Annette Kelm, Stephanie Kiwitt, Ricarda Roggan
FÉTICHISMARCHANDISE

11.12.2015 — 14.02.2016

Without photography, the free trade of goods developed by capitalism over the last 200 years – approximately the same age as photography – would be quite unthinkable. And in the era of online shopping, it can only become more important.

Annette Kelm / Stephanie Kiwitt / Ricarda Roggan


Symposium 12.01 et 13.01.2016 avec Françoise Gorgo, Anselm Jappe, Émilie Notéris, Roswitha Scholz, Björn Vedder et Jordi Vidal, modération : Christophe Domino

The Fétichismarchandise exhibition brings together three artists, Annette Kelm (born in 1975), Stephanie Kiwitt (born in 1972) and Ricarda Roggan (born in 1972), whose work examines – either partly or principally – the nature of the representation of the consumer goods the capitalist economy presents to those who have the power to buy them in exchange for money, which is nothing more than the value of their own time sold to an entrepreneur. At a time when one of the pioneers in the critique of the representation of merchandise, Christopher Williams, is being celebrated at MoMA (New York), we thought it an opportune moment to turn our attention to the following generation. The three invited artists, who live and work in Berlin, Brussels and Leipzig, are 20 years younger than the Californian artist. They cast a critical eye, each in their highly individual way, over the role assigned to photography in this battle for seduction, visibility and the showcasing of merchandise.

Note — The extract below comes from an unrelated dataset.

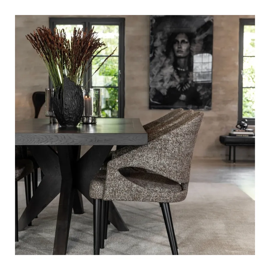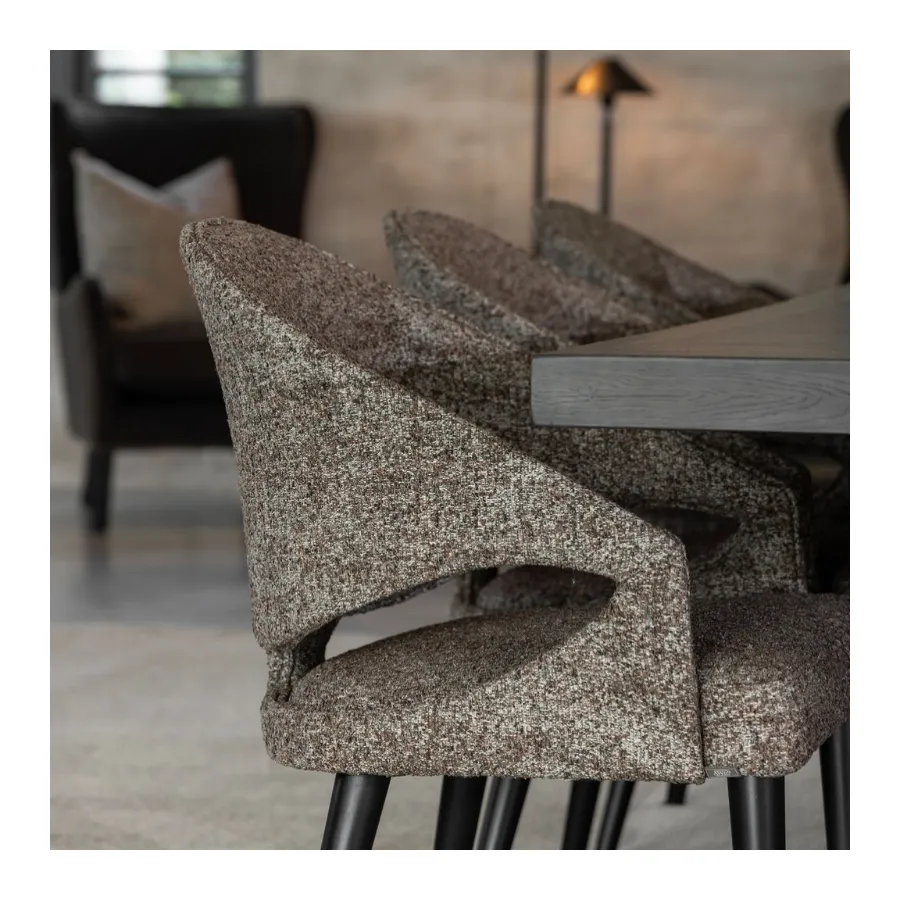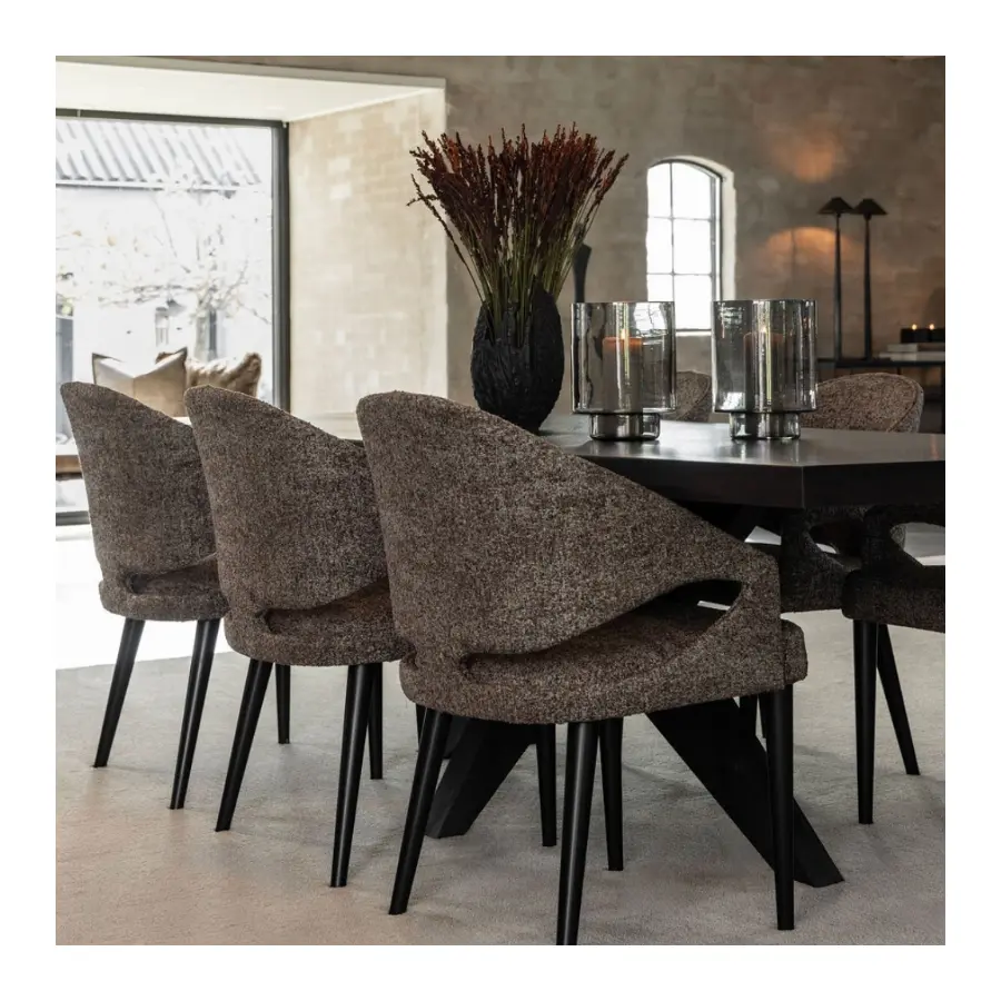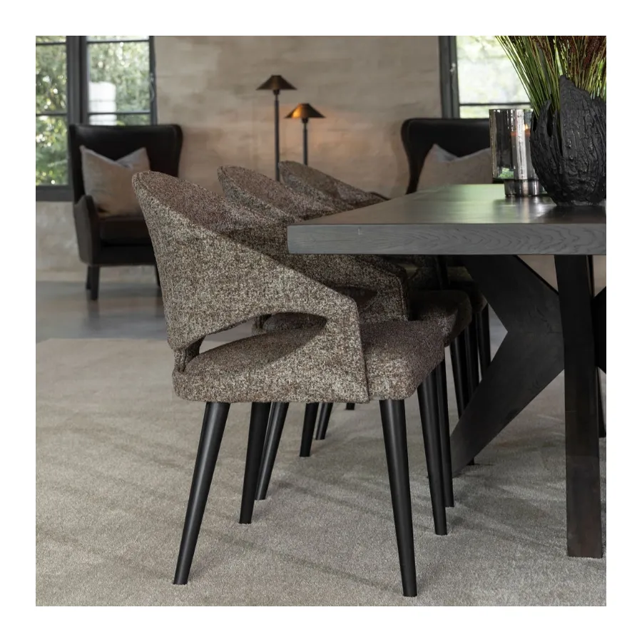 The fully upholstered style in soft fabric is paired with a curved backrest and open cut-out details, giving the chair both character and a sense of visual lightness. The slim, tapered wooden legs offer a refined contrast to the padded seat, contributing to an airy and well-balanced expression.

A single photograph positioned at the beginning of the exhibition takes us into the “wonderful” world of marketing: a photograph that has subsequently become famous, showing a disassembled VW Golf with all its components, photographed by Hans Hansen for the book Das Buchpublished on the occasion of Volkswagen’s 50th anniversary (from 1938 to 1988). In 2008 Annette Kelm produced a portrait of Hans Hansen in his garden in Hamburg and Ricarda Roggan inherited some equipment from his darkroom. This citation therefore takes the form of a tribute to him.

The term “fetishism” is generally used in relation to at least three fields. Setting aside that of anthropology, it is a notion central to the theories of Marx and Freud. Towards the end of the exhibition, on 12 and 13 February 2016, the CPG will host a symposium with Marxist and Freudian theorists to offer the public of Geneva a contemporary perspective on a concept that is over a hundred years old.

Stephanie Kiwitt

Although merchandise has only recently appeared in Stephanie Kiwitt’s work, we can see in this year’s Choco Choco series a logical progression in her search for the symptoms – often the worst – of our market societies. With Self Kassa (2010) this Brussels-based artist has turned her attention to the ultimate alienation of the employee/consumer: the checking out of purchases in supermarkets by the consumer himself, who thereby gives yet more of his own time already eaten into by the employer, and at the same time helps the retailer avoid the cost of wages. The CPG showed this series in its Open Frame exhibition in 2011 at the CRAC in Sète. Collaboration between the CPG and the artist dates back to the 50JPG 2006 with the Vor aller Augen exhibition, which displayed the work of the Meisterklasse students of Timm Rautert from the Leipzig Academy of Visual Arts.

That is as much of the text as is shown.